This page describes how to tune your CockroachDB Serverless workload to reduce costs.
Understanding your resource usage
CockroachDB Serverless clusters consume three kinds of resources:
- SQL CPU
- Network egress
- Storage layer I/O
To understand these resources, you need to understand a bit about the CockroachDB Serverless architecture. A CockroachDB Serverless cluster is divided into two layers that run in separate processes: the SQL layer and the storage layer. The SQL layer receives and runs your SQL queries and background jobs. When the SQL layer needs to read or write data rows, it calls the storage layer, which manages a replicated, transactional row store that is distributed across many machines.
SQL CPU is the CPU consumed by SQL processes (not storage processes) and is converted to Request Units using this equivalency: 1 RU = 3 milliseconds SQL CPU.
Network egress measures the number of bytes that are returned from a SQL process to the calling client. It also includes any bytes sent by bulk operations like EXPORT
or changefeeds. It is converted to Request Units using this equivalency: 1 RU = 1 KiB Network egress.
Storage layer I/O includes the read and write requests sent by the SQL layer to the storage layer. These operations are sent in batches containing any number of requests. Requests can have a payload containing any number of bytes. Write operations are replicated to multiple storage processes (3 by default), with each replica counted as a separate write operation. Storage layer I/O is converted to Request Units using these equivalencies:
- 1 RU = 2 storage read batches
- 1 RU = 8 storage read requests
1 RU = 64 KiB read request payload (prorated)
1 RU = 1 storage write batch
1 RU = 1 storage write request
1 RU = 1 KiB write request payload (prorated)

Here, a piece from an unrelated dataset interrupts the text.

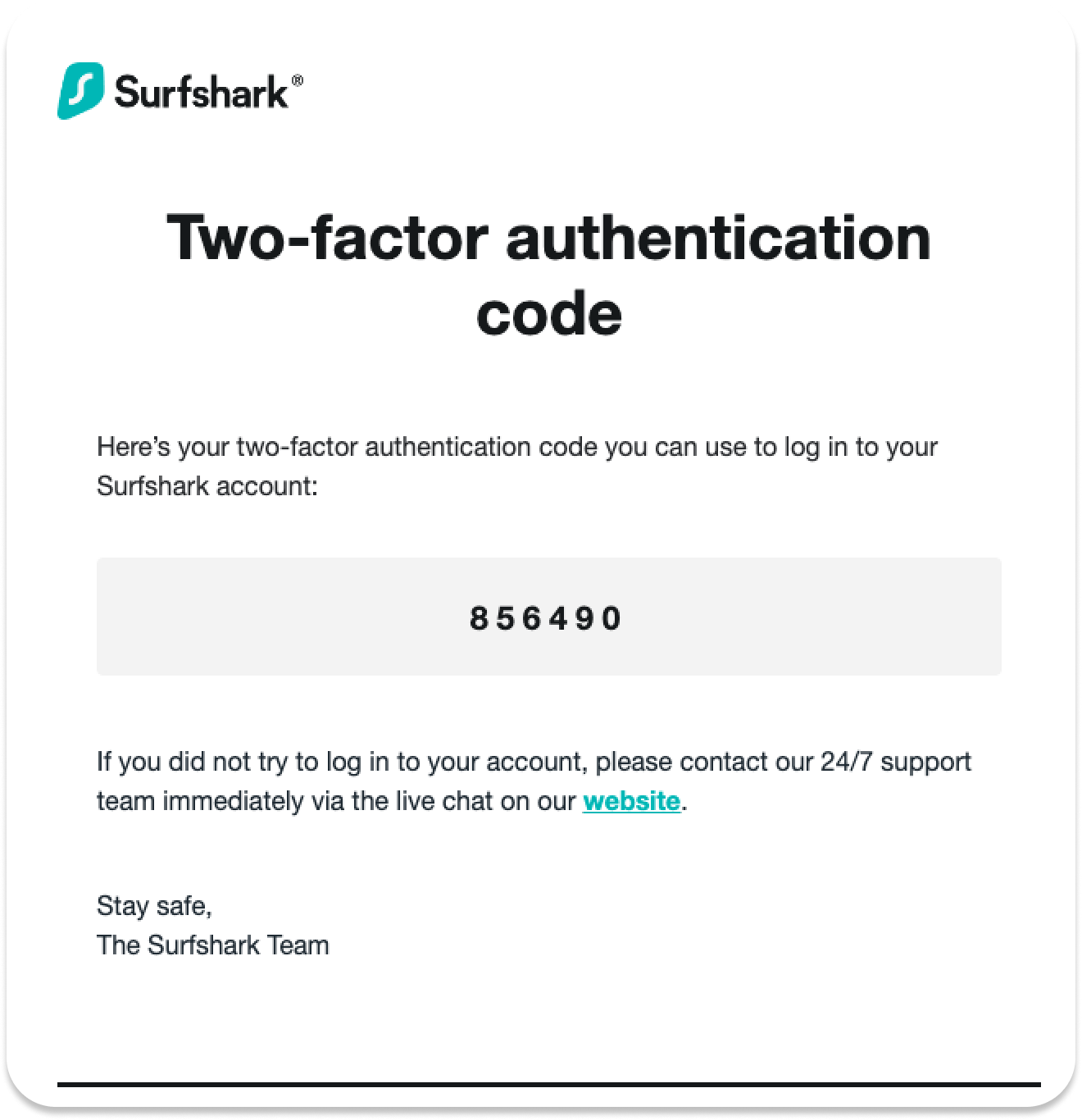 Using your email address for 2FA authentication will send you a new code each time you attempt to log into the Surfshark website or the Surfshark app. Open your email, and you should see a recent letter containing your current 2FA authentication code.

Example Request Unit calculation
Say you have a simple key-value pair table with a secondary index:
CREATE TABLE kv (k INT PRIMARY KEY, v STRING, INDEX (v));
Now you insert a row into the table:
INSERT INTO kv VALUES (1, '...imagine this is a 1 KiB string...');
The amount of SQL CPU needed to execute this query is about 1.5 milliseconds. The network egress is also minimal, around 50 bytes. Most of the cost comes from 6 write requests to the storage layer with about 6K in request payload (plus a bit of extra overhead). The INSERT
needs to be made first for the primary index on the k
column and again for the secondary index on the v
column. Each of those writes is replicated 3 times to different storage locations, which is a total of 6 requests. All of these costs add up to a total number of RUs:
1.5 SQL CPU milliseconds = 0.5 RU
50 bytes network egress = 50/1024 = 0.05 RU
6 storage write batches = 6 RU
6 storage write requests = 6 RU
6 KiB write payloads = 6 RU
Total cost = 18.55 RU
Note that this is not exact, as there can be slight variations in multiple parts of the calculation.
You can use the EXPLAIN ANALYZE
SQL command with your statements to estimate the RU usage of that statement. For example, prepend EXPLAIN ANALYZE
to the INSERT
statement:
EXPLAIN ANALYZE INSERT INTO kv VALUES (1, '...imagine this is a 1 KiB string...');
info
-----------------------------------
planning time: 13ms
execution time: 6ms
distribution: local
vectorized: true
maximum memory usage: 10 KiB
network usage: 0 B (0 messages)
estimated RUs consumed: 15
• insert fast path
nodes: n1
actual row count: 1
into: kv(k, v)
auto commit
size: 2 columns, 1 row
(14 rows)
Time: 71ms total (execution 20ms / network 50ms)
This will insert the data, and also output information from the optimizer about the execution of the statement. The estimated RUs consumed
field represents the optimizer's estimate of RU consumption for the statement. In this case, the optimizer estimated the INSERT
statement would consume 15 RUs, which is similar to the estimate of 18.5 RUs we made earlier.
Understanding which queries to optimize
In the CockroachDB Cloud Console, you can monitor your cluster's SQL activity on the Statements and Transactions pages. You can sort queries by the time they took to process, the number of rows processed, or the number of bytes read to see which queries are using the most resources. If you have queries that return more data than needed or have long runtimes, those are good candidates for optimization.
Tips for reducing RU usage
You can reduce the RU cost of a query by reducing the work your cluster must do to execute that query. We recommend the following:
- Drop indexes that are no longer needed.
- Use secondary indexes that reduce the number of rows that need to be scanned.
- Take advantage of SQL filters, joins, and aggregations rather than performing these operations in the application to reduce the amount of data returned to the client.
- Use batched
INSERT
statements to insert multiple rows in a single statement, rather than sending a separate statement per row. - Use range
UPDATE
andDELETE
statements to affect many rows in a single statement, rather than sending a separate statement per row. - Avoid returning columns that your application does not need.
- Don't disable automatic statistics, as they are needed to power the optimizer.